◆ **DATASET CONTENT**
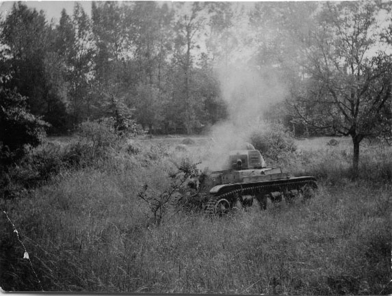 Char français Renault R 35 commençant à brûler dans les bois de la campagne française en mai 1940.
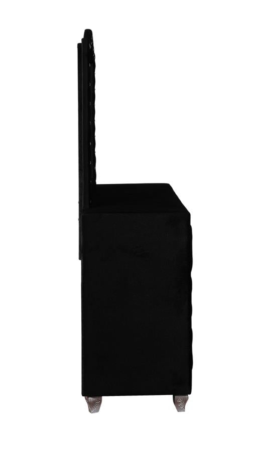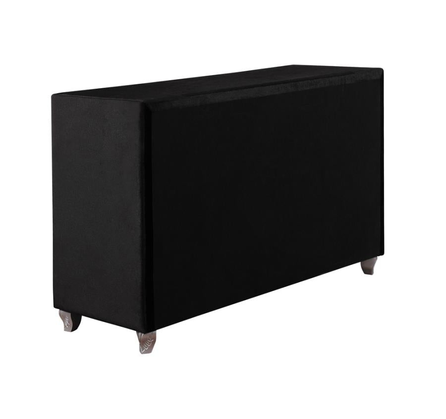 Add modern glamour to a young adult's bedroom with this seven-drawer black dresser. The ultimate luxury, soft velvet fabric adorns the sleek silhouette. Elevate the level of chic sophistication with radiant, curved legs in a metallic finish. Crystal drawer pulls and lines of crystal button diamond tufting adorn the drawers. Top with a mirrored vase full of fresh flowers or the latest magazines to complete the stylish look.
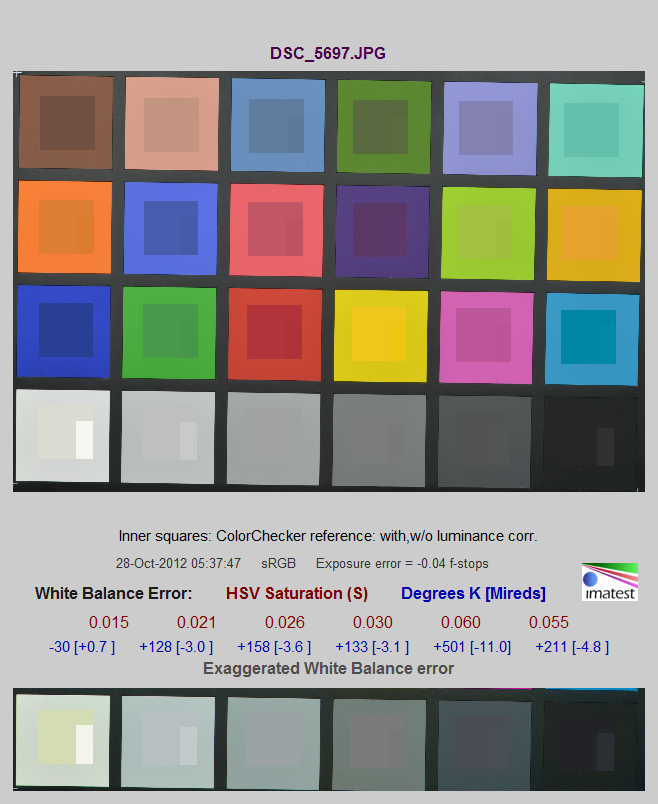 Для оценки корректности автоматического определения баланса белого использовалась таблица Colorchecker 24. Выбранные источники постоянного света — флуоресцентные лампы с цветовой температурой 5500 K, а также осветители с лампами накаливания. Результаты тестирования приведены ниже.
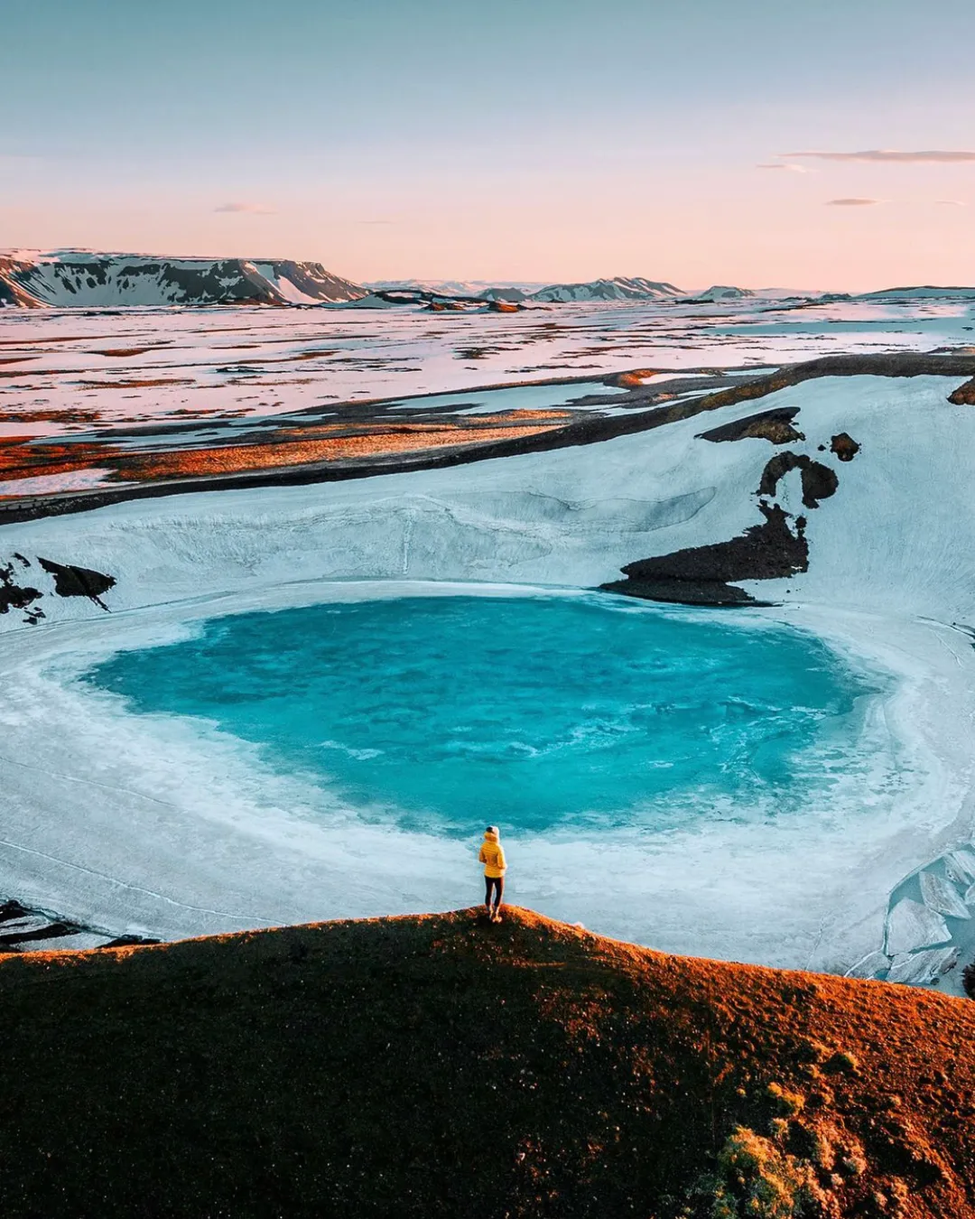 Volcanic crater filled with blue water

◆ **DESCRIPTION OF THE TASK**
The answer must be the full listing, exact in every line, with the pictures removed.

◆ **WRITTEN RESPONSE**
 Char français Renault R 35 commençant à brûler dans les bois de la campagne française en mai 1940.
 Add modern glamour to a young adult's bedroom with this seven-drawer black dresser. The ultimate luxury, soft velvet fabric adorns the sleek silhouette. Elevate the level of chic sophistication with radiant, curved legs in a metallic finish. Crystal drawer pulls and lines of crystal button diamond tufting adorn the drawers. Top with a mirrored vase full of fresh flowers or the latest magazines to complete the stylish look.
 Для оценки корректности автоматического определения баланса белого использовалась таблица Colorchecker 24. Выбранные источники постоянного света — флуоресцентные лампы с цветовой температурой 5500 K, а также осветители с лампами накаливания. Результаты тестирования приведены ниже.
 Volcanic crater filled with blue water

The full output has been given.